Use of the second type involves a bigger change for most application: the idea is that it encapsulates and caches various information about a file and its name, and thus abstracts notions like case-sensitivity.
Let's consider some examples. We first need to get a representation for a file from the disk. For this, we can use one of the Create functions available in GNATCOLL. For instance,
declare F : Virtual_File; begin F := Create ("/tmp/Foo.txt"); end;
If we pass F to some subprogram that should display it in a GUI, for instance, we expect the name to appear exactly as "Foo.txt", and not as an all-lower-case version "foo.txt", even on a case-insensitive file system. To get the name, we could, for example, write:
declare Name : constant Filesystem_String := F.Base_Name; begin Put_Line (+Name); end;
As noted earlier, the name should be considered as a series of bytes, the interpretation of which depends on your system. Most of the time, it is relatively safe to assume this is UTF-8. For such a case, GNATCOLL.VFS provides a "+" operator to convert the Filesystem_String to a String.

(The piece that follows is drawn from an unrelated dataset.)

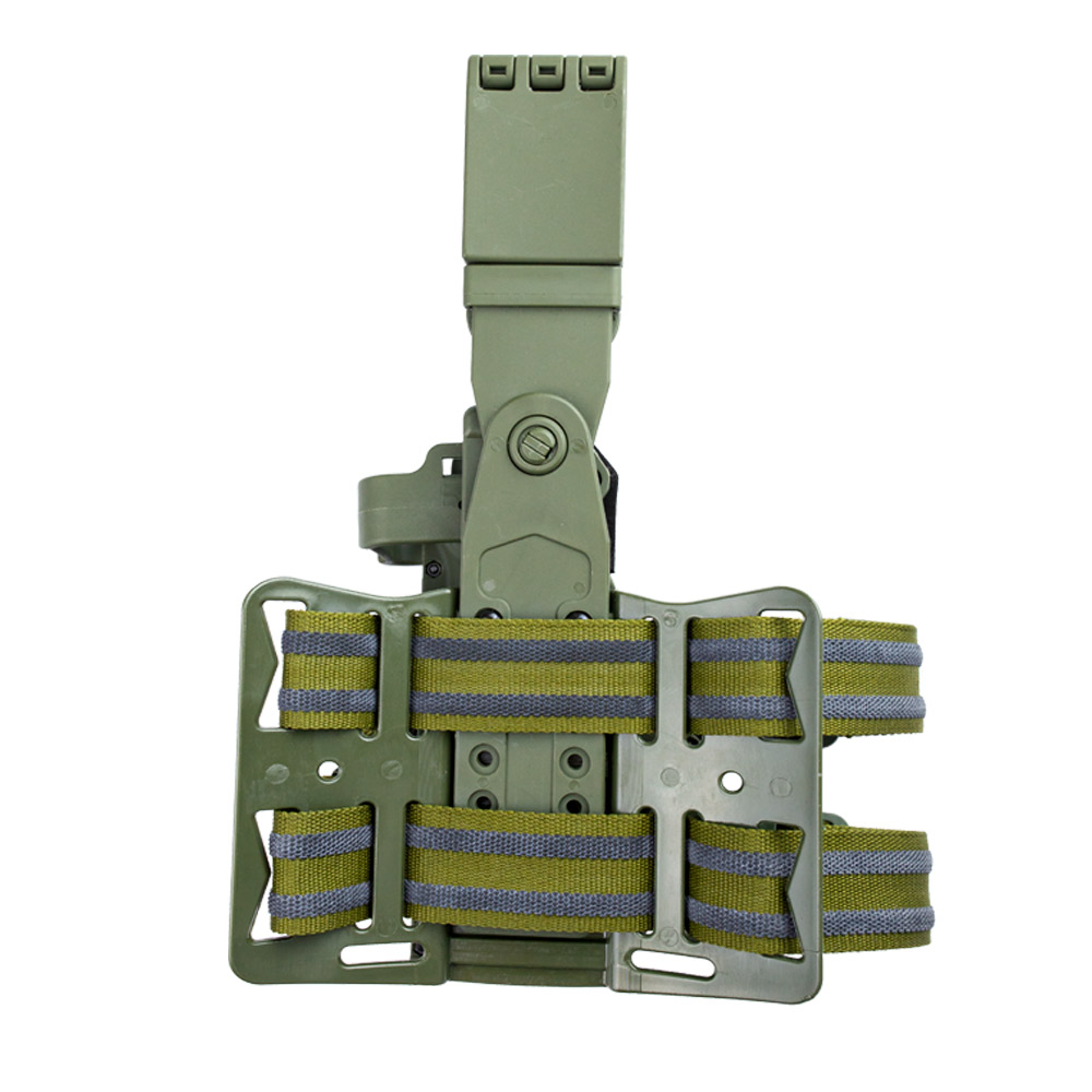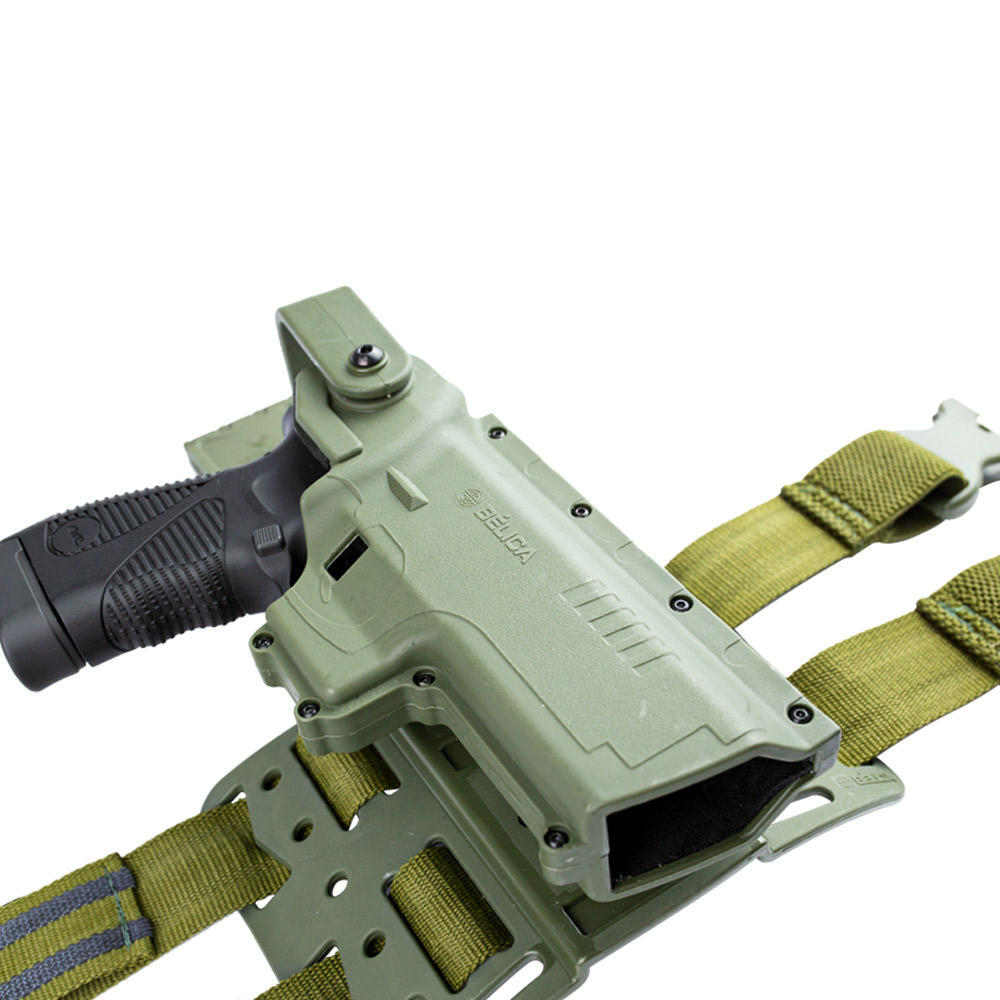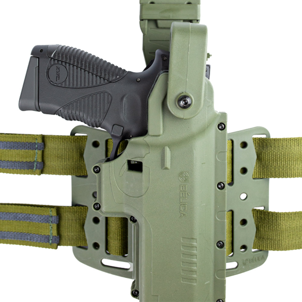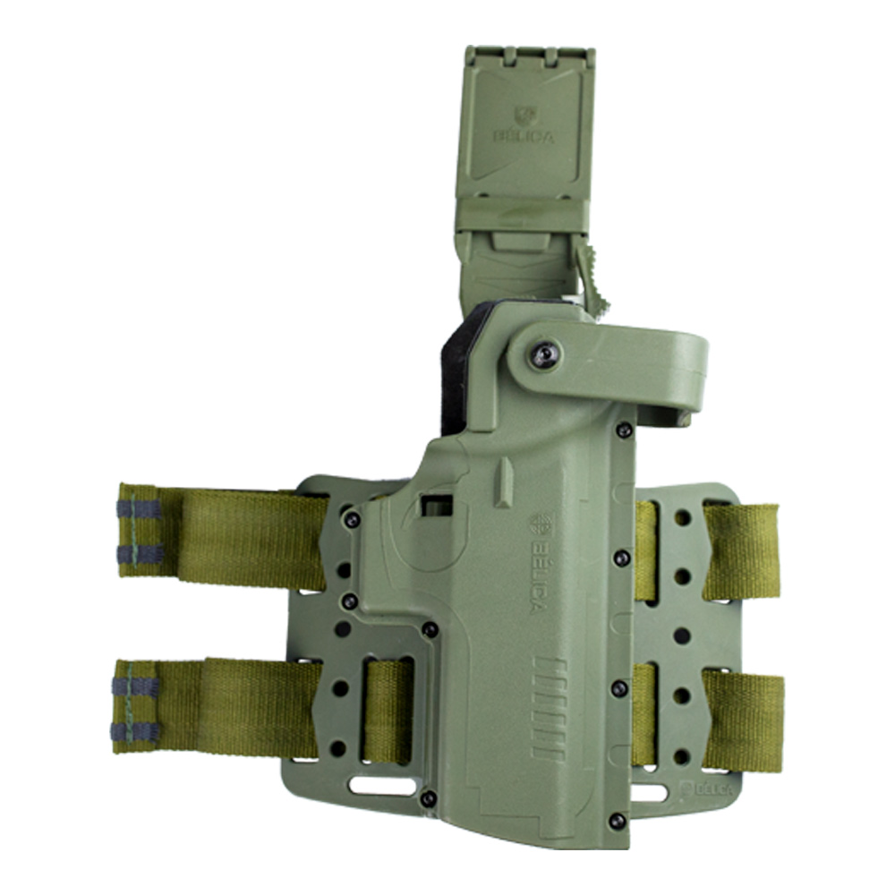 Hammer Pro II é um coldre com plataforma de perna na cor verde fabricado pela Bélica em polímero de alta densidade com revestimento interno em couro legítimo.

If we now create another instance of Virtual_File, we can test whether the two reference the same file. The result would be true on Windows, for instance, but not on Unix.
declare F2 : constant Virtual_File := Create ("/tmp/foo.txt"); begin if F = F2 then null; end if; end;
On Unix, we could create a symbolic link from "/temp" to "/tmp". If we want our application to support symbolic links properly and recognize that "/temp/foo.txt" and "/tmp/foo.txt" are indeed the same file, we need to tell GNATCOLL that we are ready to pay the performance penalty, by calling:
GNATCOLL.VFS.Symbolic_Links_Support (True);
This support is turned off by default. When loading a big project in GPS for instance (with several thousand files) on a slow file system (ClearCase), not checking explicitly for symbolic links is at least an order of magnitude faster. That's why this is left as an explicit choice to the application.
However, GNATCOLL is clever enough to cache the symbolic resolution, as well as to normalize the file name. So if you reuse a Virtual_File several times, it will not need to perform the system calls again.
The API in GNATCOLL.VFS is much more extensive than what we have seen above, and provides ways to test whether we have a directory, whether the file is writable, read the contents of a file efficiently into memory, get the list of files in a directory, and even modify files. In each of these cases, GNATCOLL will make sure it uses the proper form of the file name when communicating with the system.
In fact, GNATCOLL.VFS also provides support for remote file systems (this is the basis of the remote mode in GPS), where network operations are performed transparently when you access a file, but this will be the subject of another Gem.
Converting an application to GNATCOLL.VFS is no small amount of work. But it provides a number of benefits in terms of portability and performance.